Mon fils entre dans la pensée de faire de nécessité vertu ; il attendra avec patience extérieure que quelque jeune ambitieux vienne rompre ses chaînes : cela n’est pas aisé à trouver. Voilà deux prélats de Grignan qui viennent manger mon beurre de Bretagne : que je suis aise de les avoir, en attendant mieux !

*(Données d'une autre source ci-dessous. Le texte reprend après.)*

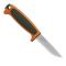 Lame en acier suédois 12C27 dureté 57HRC, manche orange/vert.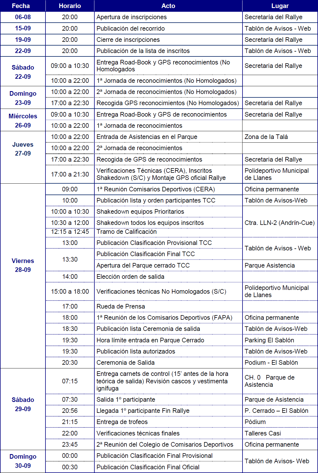 ITINERARIO HORARIO

  1. Lettre 796 (revue en partie sur une ancienne copie). — 1. « Beaucoup d’inquiétude. » (Édition de 1754.)
  2. 2. « Que vous m’en donniez. » (Ibidem.)
  3. 3. « Pour moi, qui le jette, comme vous savez, et le pousse jusqu’à ce que vous soyez ici, j’en suis avare quand vous y êtes, et suis désespérée de voir passer les jours. » (Ibidem.)
  4. 4. « Et par les idées que j’avois. » (Éditions de 1737 et de 1754.)
  5. 5. Ce petit membre de phrase ne se lit que dans notre manuscrit.
  6. 6. Voyez la lettre suivante, p. 345.
  7. 7. Cet alinéa ne se lit pas ailleurs que dans notre manuscrit, où le copiste, par une faute singulière, a écrit (voyez quatre et cinq lignes plus loin) frénétique, au lieu de néphrétique. — La première phrase de l’alinéa suivant n’est, au contraire, que dans les deux éditions de Perrin ; seulement celle de 1754, au lieu des mots : « en peine de vous, » donne : « en peine de votre santé. »
  8. 8. L’assemblée du clergé, qui fut tenue du 25 mai au 10 juillet de cette année.
  9. 9. La fin de la phrase, depuis les mots vous envoie, manque dans l’édition de 1754.
  10. 10. De président à l’assemblée des états de Provence. (Note de Perrin.) — Il fut en effet nommé à cette présidence, dont il se démit en 1689. Voyez la lettre du 17 avril suivant, la note 14 de la lettre du 6 décembre précédent, p. 122, et la lettre du 26 octobre 1689.
  11. 11. « En quelque sorte. » (Édition de 1754-) — Dans les deux éditions de Perrin, il y a : « des ministres, » au lieu de : « de ministres. »
  12. 12. La femme du marquis de Vence, dont il est parlé tome II, p. 500, note 5 ?
  13. 13. Cette phrase manque dans l’impression de 1737, et la suivante est seulement dans notre manuscrit.13. Cette phrase manque dans l’impression de 1737, et la suivante est seulement dans notre manuscrit.
  14. 14. Voyez tome II, p. 104, note 5.
  15. 15. Mmes  de Richelieu, de Maintenon et de Rochefort. (Note de Perrin.)
  16. 16. Dans notre manuscrit : « c’est une vie assurée, retirée. »
  17. 17. « Un peu ou beaucoup d’inquiétude est inséparable de cette vérité : cette peine est attachée à l’amitié que j’ai pour vous, comme le soin de votre santé devroit tenir à l’amitié que vous avez pour moi. » (Édition de 1754.)
  18. 18. « M. de Coulanges trouve que vous n’avez pas fait assez de cas de son couplet sur vos beaux-frères et sur leur aîné. » (Ibidem.) Voici le couplet, assez insignifiant, dont il est question ici :

    Sur l’air de Joconde.

    L’infortuné devient heureux
    Sitôt que le Roi parle ;
    Un Grignan évéque d’Évreux,
    L’autre archevêque d’Arle ;
    Le chevalier près Monseigneur,
    Dans un poste qui brille,
    Présagent dans peu le bonheur
    Du chef de la famille.

    M. de Grignan répondit sur les mêmes rimes :

    J’ai trop de quoi borner mes vœux,
    C’est mon cœur qui te parle ;

    Un Grignan évêque d’Évreux,
    L’autre archevêque d’Arle ;
    Le chevalier près Monseigneur,
    Dans un poste qui brille,
    Coulanges, c’est le vrai bonheur
    Du chef de la famille.

    (Recueil de chansons choisies, tome II, p. 19 et 20.)